- What you will do -
In your copy, repeat each record exactly and include no pictures.

[Collection entries]
= = = =
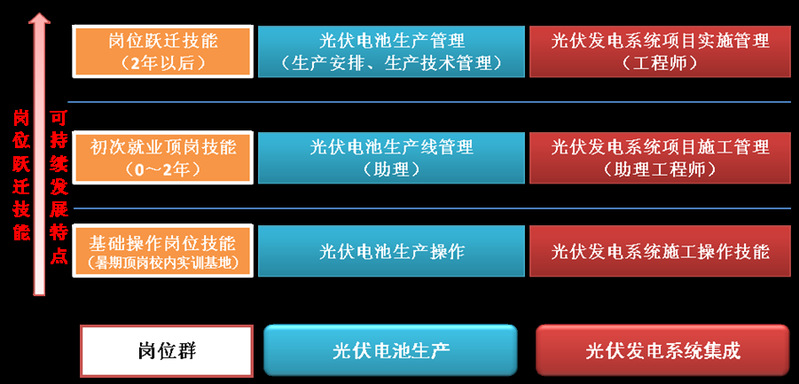 主要岗位:主要面向太阳能电池生产企业、光伏发电系统工程建设企业、中小型光伏发电运营企业的相关职业岗位。能从事现场工艺和技术管理、光伏组件生产与检测、光伏系统的单片机及PLC控制电路设计与调试、光伏电站设备的安装、使用、维护与调试、光伏产品售后技术服务等技术工作和管理工作岗位。
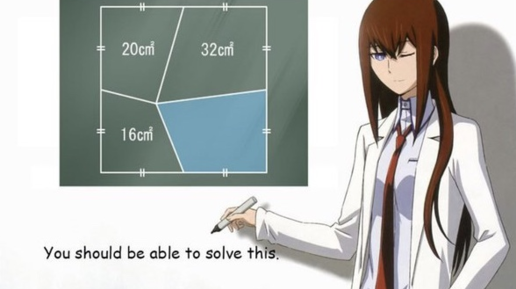 Дан квадрат. В квадрате есть точка с неизвестными координатами. Эта точка соединена отрезками с серединами всех сторон квадрата. Найти площадь закрашенной области (четырехугольника), если площади других области равны 16, 20 и 32 квадратных сантиметра...
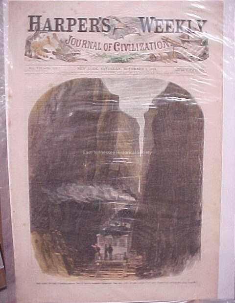 Harper's Weekly (11/07/1863), "The Army of the Cumberland--A Troop Train passing through the Big Cut on the Louisville & Nashville Railroad," 16 1/7"h x 11 1/8"w.Dimensions
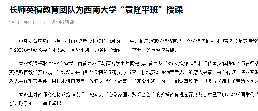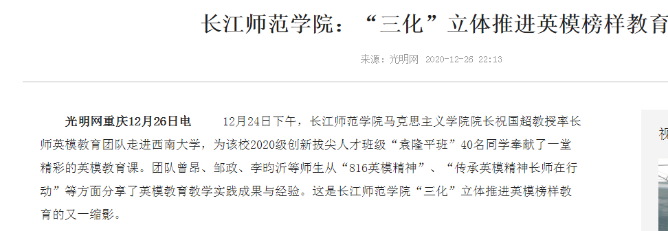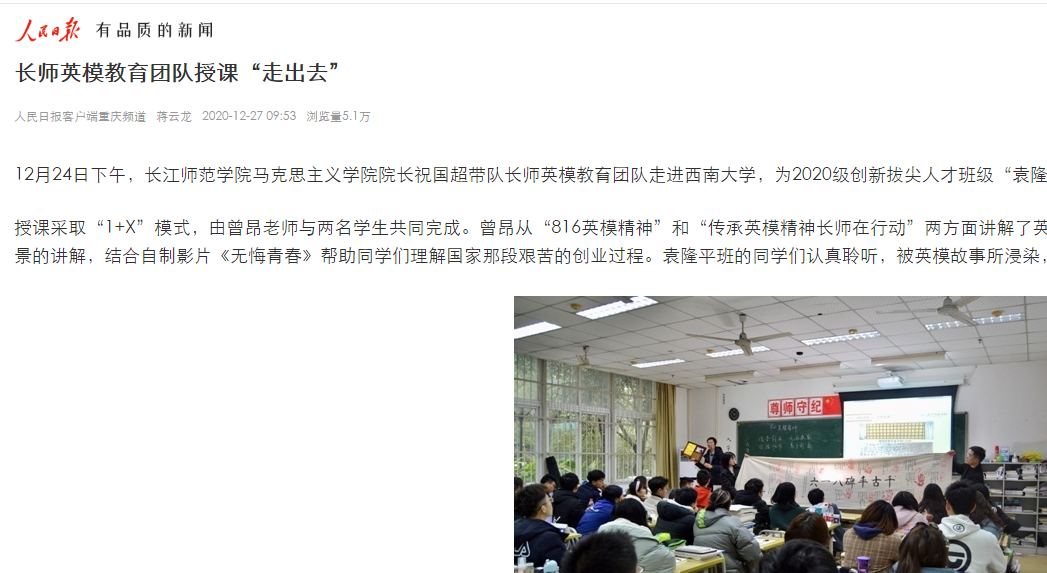 日前,我校马克思主义学院英模教育团队开启“走出去”模式,深入大中小学、企事业单位讲授英模教育课,引发强烈反响,得到了人民日报、光明网、中国新闻网、重庆日报等权威媒体的报道“点赞”。
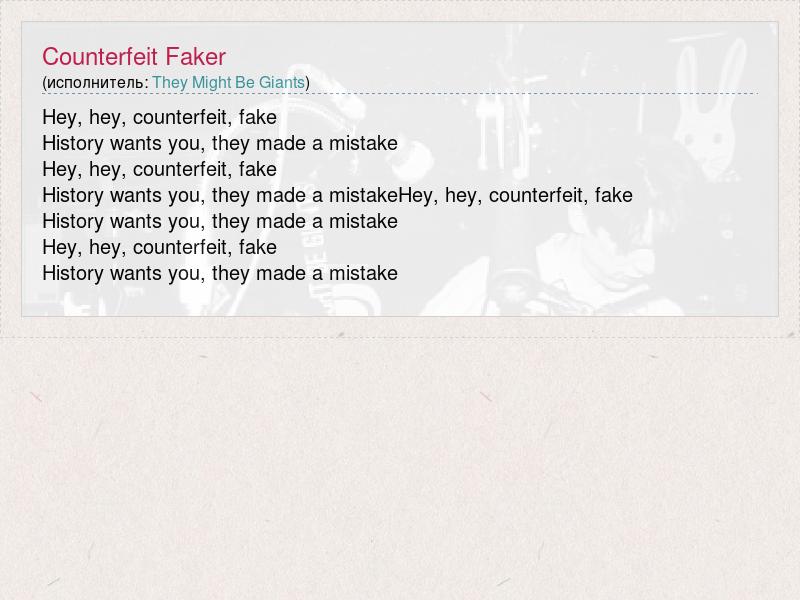 History wants you, they made a mistakeHey, hey, counterfeit, fake
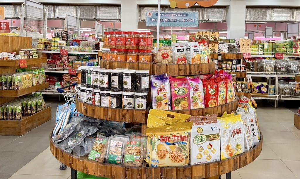 Các sản phẩm đặc sản vùng miền, sản phẩm OCOP được trưng bày tại tại Trung tâm nông nghiệp và đặc sản Việt Nam ở An Giang. Ảnh: Thanh Sang- TTXVN
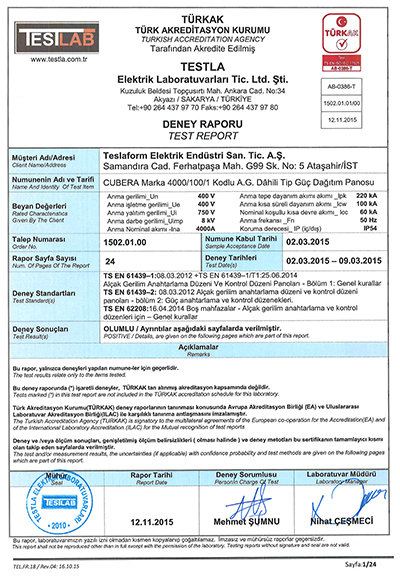 CUBERA IEC 61439-1, 2 SERTİFİKASI
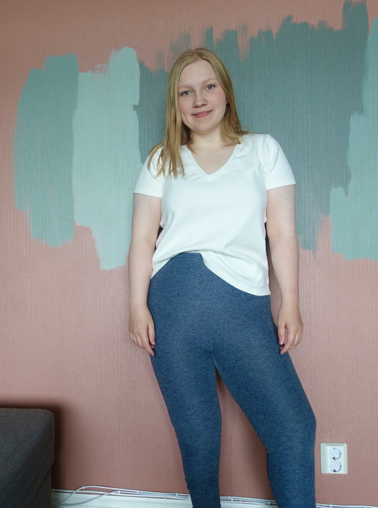 Det nye tilskuddet i sommergarderoben er denne t-skjorten – en Union St. Tee fra Hey June Handmade. I tillegg til de vanlige tilpasningene jeg har gjort fra tidligere på dette mønsteret (se tidligere blogginnlegg), har jeg også gradert midjen ned til størrelse S. Resten av t-skjorten er i størrelse M. Selv om midjen er gjort smalere på denne t-skjorten enn på tidligere modeller oppleves den fremdeles mer romslig. Dette kan kanskje være fordi stoffet er tynnere. Stoffet jeg har brukt er bomullsjersey fra Stoff og Stil i fargen «rouge».
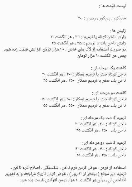 کاشت ناخن|ترمیم|ژلیش|لمینت|ژلپولیش|خدمات لاین ژل
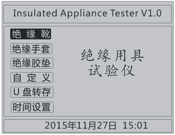 首先将AC220V电源连接至仪器面板,打开面板上主电源开关,仪器进入开机画面,开机完成后仪器显示如图2.1所示画面,进入待机画面后光标指示的当前试验项目为绝缘靴,当前选择项目的背景会反色。按下旋转鼠标即可进入绝缘靴测试界面,转动旋转鼠标选中
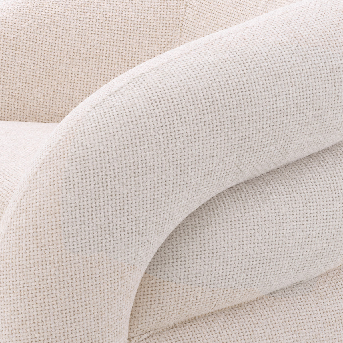 Thoughtful finishes and curated textures invite daily use while preserving a quietly luxurious presence. The design is crafted in Fabric, completed with Lyssa off-white, swivel base, showcasing the brand’s focus on texture and depth.
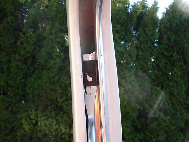 The outer scraper is also different. While the seal is a very good match for the original, the number of notches is different. This probably required more felt channel clips used on the Brazil bus (my guess again) but for us there is a hitch: the lower notch on the side member does not line up with the hole in our door frame. Either, install the outer scraper with one less felt channel clip (not recommended) or create a new notch in the scraper to secure it properly. Since the scraper is made from soft aluminum making a notch is easily done.
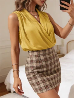 Women’s Satin Tank Tops Solid Color Sleeveless Wrap V Neck Pleated Summer Shirts
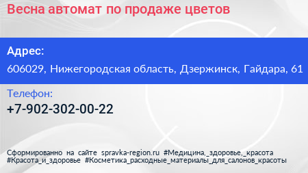 Весна, автомат по продаже цветов по адресу 606029, Нижегородская область, Дзержинск, Гайдара, 61 в дальнейшем Организация, размещена в следующих категориях:
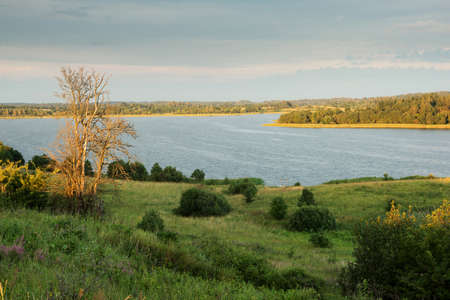 Serene landscape lake in the evening - the shores of Lake Otolovo in Belarus
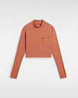 - The Vans Mini Mock Neck Long Sleeve T-Shirt features the Vans logo on the left chest and has a cropped fit.
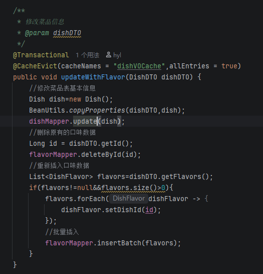 用到的mapper层有dish以及flavor,一个是update一个是insertBatch
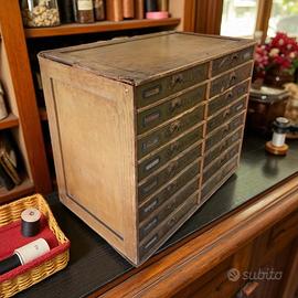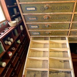 Una bottega d’altri tempi, il profumo del legno, il tintinnio dei bottoni di vetro, e lei… la cassettiera. Non una qualunque, ma una delle vere, quelle da merceria, che hanno vissuto anni di fili colorati, aghi e clienti con l’orlo da sistemare per la domenica.
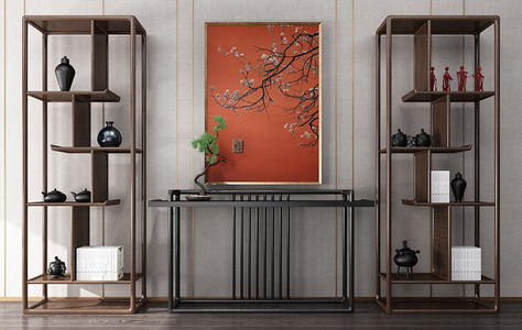 H30-1121新中式博古架与装饰柜书房书柜书架端景台摆台摆件
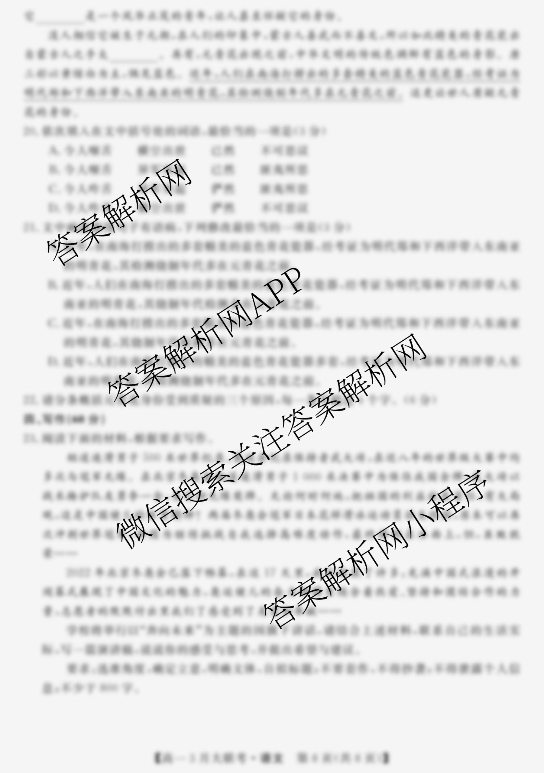 - [天壹名校联盟]2022年上学期(高一)3月大联考语文试题
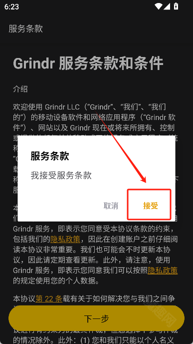 进入注册界面后,在跳转的页面里点击“下一步”,然后选择“接受”相关条款。
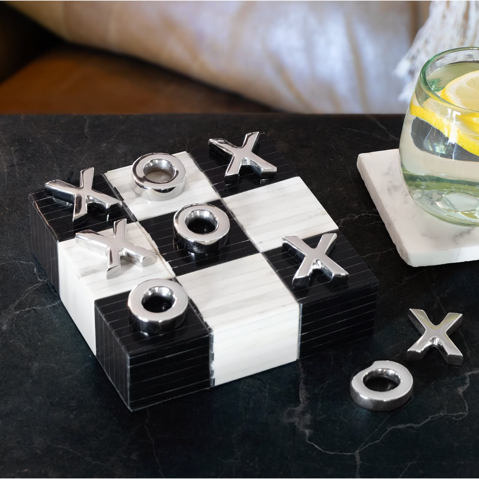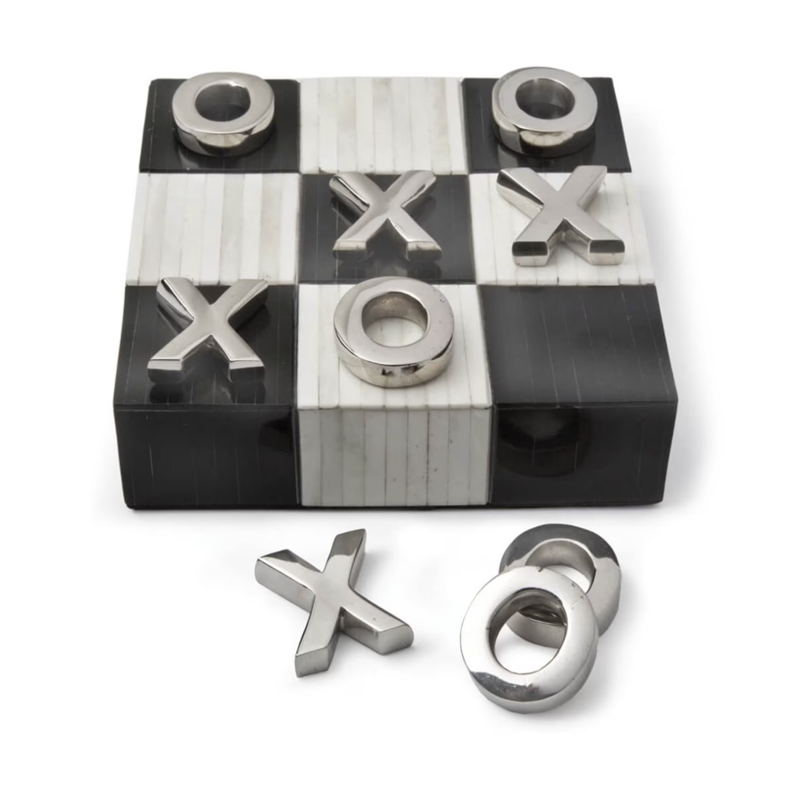 A classic game turned décor. This stylish and functional Tic Tac Toe game is played with brass X’s and O’s on a natural-finished, checkered pattern bone board.
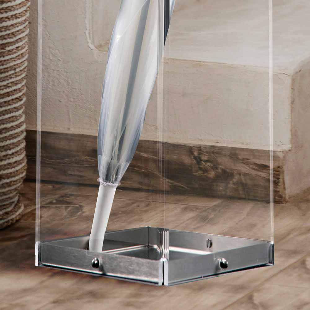 El paragüero en plexiglás transparente se caracteriza por su diseño minimalista y completamente liso, sin adornos ni adornos, para resaltar las líneas puras y simples con una base de acero inoxidable.
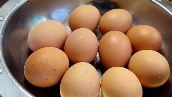 4.雞蛋通過五分鐘的浸泡,清洗幹凈撈出控幹水分,生薑切成薑片,切好裝入盆中。
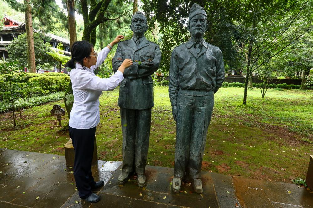 8月31日,在云南腾冲市国殇墓园内,工作人员为史迪威将军雕像(左为史迪威、右为陈纳德)清理落叶。
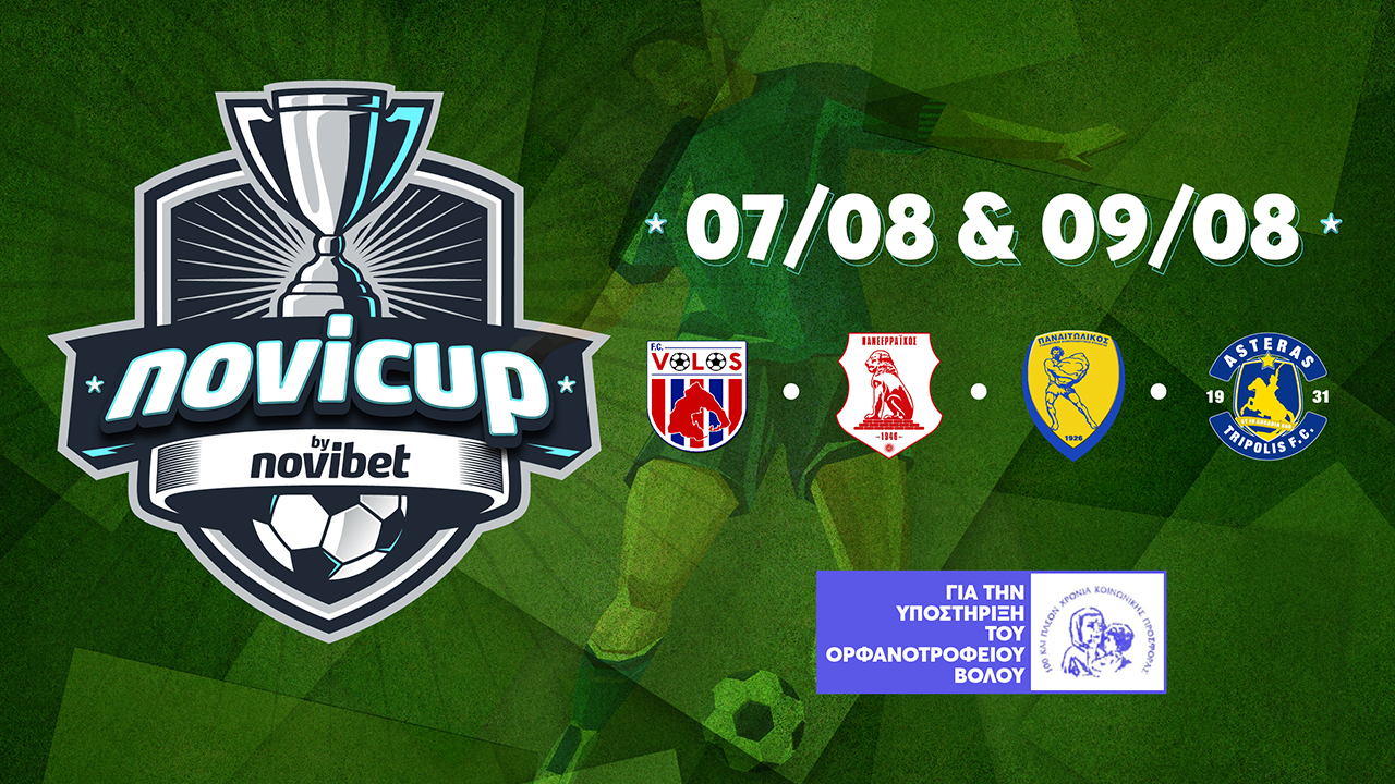 H Novibet είναι χορηγός του φιλανθρωπικού τουρνουά NoviCup by Novibet που πραγματοποιείται στις 7 και 9 Αυγούστου, με τη συμμετοχή και των ομάδων Βόλου, Παναιτωλικoύ και Πανσερραϊκού και Αστέρα Τρίπολης. Η εταιρεία παραμένει πιστή στη δέσμευσή της για προώθηση του υγιούς αθλητισμού και της κοινωνικής προσφοράς και σε αυτό το πλαίσιο υποστηρίζει ενεργά το τουρνουά που υλοποιείται για δεύτερη συνεχόμενη χρονιά στην πόλη του Βόλου, για καλό σκοπό.
= = = =
- Problem solution -
 主要岗位:主要面向太阳能电池生产企业、光伏发电系统工程建设企业、中小型光伏发电运营企业的相关职业岗位。能从事现场工艺和技术管理、光伏组件生产与检测、光伏系统的单片机及PLC控制电路设计与调试、光伏电站设备的安装、使用、维护与调试、光伏产品售后技术服务等技术工作和管理工作岗位。
 Дан квадрат. В квадрате есть точка с неизвестными координатами. Эта точка соединена отрезками с серединами всех сторон квадрата. Найти площадь закрашенной области (четырехугольника), если площади других области равны 16, 20 и 32 квадратных сантиметра...
 Harper's Weekly (11/07/1863), "The Army of the Cumberland--A Troop Train passing through the Big Cut on the Louisville & Nashville Railroad," 16 1/7"h x 11 1/8"w.Dimensions
 日前,我校马克思主义学院英模教育团队开启“走出去”模式,深入大中小学、企事业单位讲授英模教育课,引发强烈反响,得到了人民日报、光明网、中国新闻网、重庆日报等权威媒体的报道“点赞”。
 History wants you, they made a mistakeHey, hey, counterfeit, fake
 Các sản phẩm đặc sản vùng miền, sản phẩm OCOP được trưng bày tại tại Trung tâm nông nghiệp và đặc sản Việt Nam ở An Giang. Ảnh: Thanh Sang- TTXVN
 CUBERA IEC 61439-1, 2 SERTİFİKASI
 Det nye tilskuddet i sommergarderoben er denne t-skjorten – en Union St. Tee fra Hey June Handmade. I tillegg til de vanlige tilpasningene jeg har gjort fra tidligere på dette mønsteret (se tidligere blogginnlegg), har jeg også gradert midjen ned til størrelse S. Resten av t-skjorten er i størrelse M. Selv om midjen er gjort smalere på denne t-skjorten enn på tidligere modeller oppleves den fremdeles mer romslig. Dette kan kanskje være fordi stoffet er tynnere. Stoffet jeg har brukt er bomullsjersey fra Stoff og Stil i fargen «rouge».
 کاشت ناخن|ترمیم|ژلیش|لمینت|ژلپولیش|خدمات لاین ژل
 首先将AC220V电源连接至仪器面板,打开面板上主电源开关,仪器进入开机画面,开机完成后仪器显示如图2.1所示画面,进入待机画面后光标指示的当前试验项目为绝缘靴,当前选择项目的背景会反色。按下旋转鼠标即可进入绝缘靴测试界面,转动旋转鼠标选中
 Thoughtful finishes and curated textures invite daily use while preserving a quietly luxurious presence. The design is crafted in Fabric, completed with Lyssa off-white, swivel base, showcasing the brand’s focus on texture and depth.
 The outer scraper is also different. While the seal is a very good match for the original, the number of notches is different. This probably required more felt channel clips used on the Brazil bus (my guess again) but for us there is a hitch: the lower notch on the side member does not line up with the hole in our door frame. Either, install the outer scraper with one less felt channel clip (not recommended) or create a new notch in the scraper to secure it properly. Since the scraper is made from soft aluminum making a notch is easily done.
 Women’s Satin Tank Tops Solid Color Sleeveless Wrap V Neck Pleated Summer Shirts
 Весна, автомат по продаже цветов по адресу 606029, Нижегородская область, Дзержинск, Гайдара, 61 в дальнейшем Организация, размещена в следующих категориях:
 Serene landscape lake in the evening - the shores of Lake Otolovo in Belarus
 - The Vans Mini Mock Neck Long Sleeve T-Shirt features the Vans logo on the left chest and has a cropped fit.
 用到的mapper层有dish以及flavor,一个是update一个是insertBatch
 Una bottega d’altri tempi, il profumo del legno, il tintinnio dei bottoni di vetro, e lei… la cassettiera. Non una qualunque, ma una delle vere, quelle da merceria, che hanno vissuto anni di fili colorati, aghi e clienti con l’orlo da sistemare per la domenica.
 H30-1121新中式博古架与装饰柜书房书柜书架端景台摆台摆件
 - [天壹名校联盟]2022年上学期(高一)3月大联考语文试题
 进入注册界面后,在跳转的页面里点击“下一步”,然后选择“接受”相关条款。
 A classic game turned décor. This stylish and functional Tic Tac Toe game is played with brass X’s and O’s on a natural-finished, checkered pattern bone board.
 El paragüero en plexiglás transparente se caracteriza por su diseño minimalista y completamente liso, sin adornos ni adornos, para resaltar las líneas puras y simples con una base de acero inoxidable.
 4.雞蛋通過五分鐘的浸泡,清洗幹凈撈出控幹水分,生薑切成薑片,切好裝入盆中。
 8月31日,在云南腾冲市国殇墓园内,工作人员为史迪威将军雕像(左为史迪威、右为陈纳德)清理落叶。
 H Novibet είναι χορηγός του φιλανθρωπικού τουρνουά NoviCup by Novibet που πραγματοποιείται στις 7 και 9 Αυγούστου, με τη συμμετοχή και των ομάδων Βόλου, Παναιτωλικoύ και Πανσερραϊκού και Αστέρα Τρίπολης. Η εταιρεία παραμένει πιστή στη δέσμευσή της για προώθηση του υγιούς αθλητισμού και της κοινωνικής προσφοράς και σε αυτό το πλαίσιο υποστηρίζει ενεργά το τουρνουά που υλοποιείται για δεύτερη συνεχόμενη χρονιά στην πόλη του Βόλου, για καλό σκοπό.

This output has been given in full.